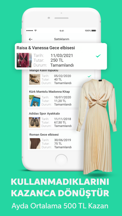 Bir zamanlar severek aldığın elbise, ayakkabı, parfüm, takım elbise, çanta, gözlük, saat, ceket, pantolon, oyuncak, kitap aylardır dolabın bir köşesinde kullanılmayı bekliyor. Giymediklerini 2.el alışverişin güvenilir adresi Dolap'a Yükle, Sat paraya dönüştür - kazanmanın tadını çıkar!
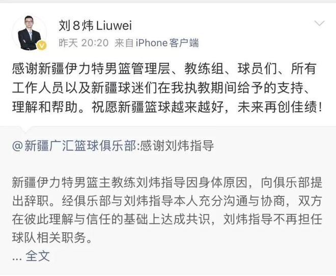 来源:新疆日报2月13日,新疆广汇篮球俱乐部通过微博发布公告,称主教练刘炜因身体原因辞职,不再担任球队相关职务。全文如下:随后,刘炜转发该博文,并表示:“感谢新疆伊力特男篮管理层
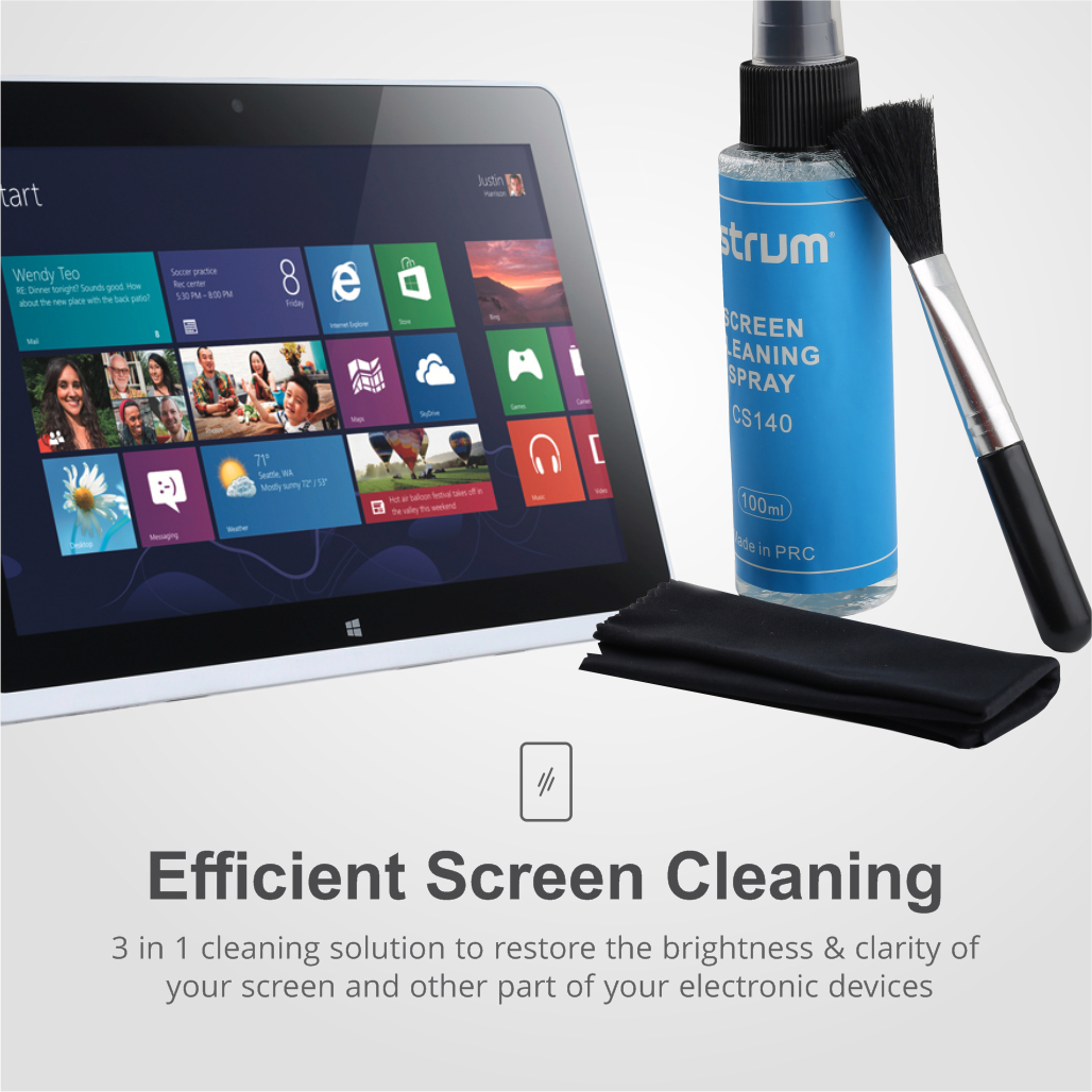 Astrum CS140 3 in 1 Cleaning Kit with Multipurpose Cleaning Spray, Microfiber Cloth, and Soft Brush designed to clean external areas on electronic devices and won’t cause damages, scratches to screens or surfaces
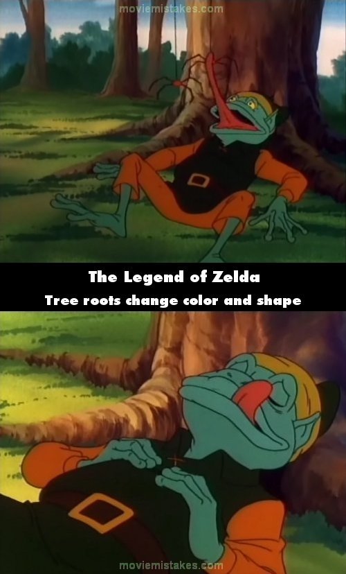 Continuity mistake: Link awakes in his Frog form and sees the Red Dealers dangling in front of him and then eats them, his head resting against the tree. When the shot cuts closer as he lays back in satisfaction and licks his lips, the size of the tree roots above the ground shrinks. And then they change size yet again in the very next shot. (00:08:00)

▶ [WHAT TO PRODUCE]: Retype, word for word, only the lines from the line with "来源:新疆日报2月13日,新" to the final line of the listing above; the pictures do not belong in the copy.

▶ [YOUR SOLUTION]:
 来源:新疆日报2月13日,新疆广汇篮球俱乐部通过微博发布公告,称主教练刘炜因身体原因辞职,不再担任球队相关职务。全文如下:随后,刘炜转发该博文,并表示:“感谢新疆伊力特男篮管理层
 Astrum CS140 3 in 1 Cleaning Kit with Multipurpose Cleaning Spray, Microfiber Cloth, and Soft Brush designed to clean external areas on electronic devices and won’t cause damages, scratches to screens or surfaces
 Continuity mistake: Link awakes in his Frog form and sees the Red Dealers dangling in front of him and then eats them, his head resting against the tree. When the shot cuts closer as he lays back in satisfaction and licks his lips, the size of the tree roots above the ground shrinks. And then they change size yet again in the very next shot. (00:08:00)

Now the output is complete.